# TASK STATEMENT
The listing below contains a span that opens with the line containing "安裝完成的柜子都用塑料膜保護起來了" and closes with the line containing "尺寸表皆為水平測量,會因布料". Return that span exactly.

# INFORMATION GIVEN

● ● ● ●

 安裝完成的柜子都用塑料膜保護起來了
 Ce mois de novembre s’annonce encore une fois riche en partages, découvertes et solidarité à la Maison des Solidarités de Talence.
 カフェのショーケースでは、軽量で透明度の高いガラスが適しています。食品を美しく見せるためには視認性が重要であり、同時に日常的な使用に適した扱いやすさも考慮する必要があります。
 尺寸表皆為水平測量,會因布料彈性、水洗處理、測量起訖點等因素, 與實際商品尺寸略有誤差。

● ● ● ●

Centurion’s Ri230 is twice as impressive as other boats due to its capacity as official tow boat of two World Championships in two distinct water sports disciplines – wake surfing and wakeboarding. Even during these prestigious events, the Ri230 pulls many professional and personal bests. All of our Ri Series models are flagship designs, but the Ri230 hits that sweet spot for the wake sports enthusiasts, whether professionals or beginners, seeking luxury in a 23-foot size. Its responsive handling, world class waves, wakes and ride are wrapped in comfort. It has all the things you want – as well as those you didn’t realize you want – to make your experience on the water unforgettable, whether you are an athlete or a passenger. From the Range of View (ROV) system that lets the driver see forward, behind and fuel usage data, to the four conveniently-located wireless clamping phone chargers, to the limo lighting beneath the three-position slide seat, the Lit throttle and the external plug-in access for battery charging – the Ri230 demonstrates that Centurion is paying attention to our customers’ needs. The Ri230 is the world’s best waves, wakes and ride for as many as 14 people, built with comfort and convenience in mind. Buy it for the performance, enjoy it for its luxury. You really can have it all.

● ● ● ●

# RESPONSE TO THIS EXERCISE
 安裝完成的柜子都用塑料膜保護起來了
 Ce mois de novembre s’annonce encore une fois riche en partages, découvertes et solidarité à la Maison des Solidarités de Talence.
 カフェのショーケースでは、軽量で透明度の高いガラスが適しています。食品を美しく見せるためには視認性が重要であり、同時に日常的な使用に適した扱いやすさも考慮する必要があります。
 尺寸表皆為水平測量,會因布料彈性、水洗處理、測量起訖點等因素, 與實際商品尺寸略有誤差。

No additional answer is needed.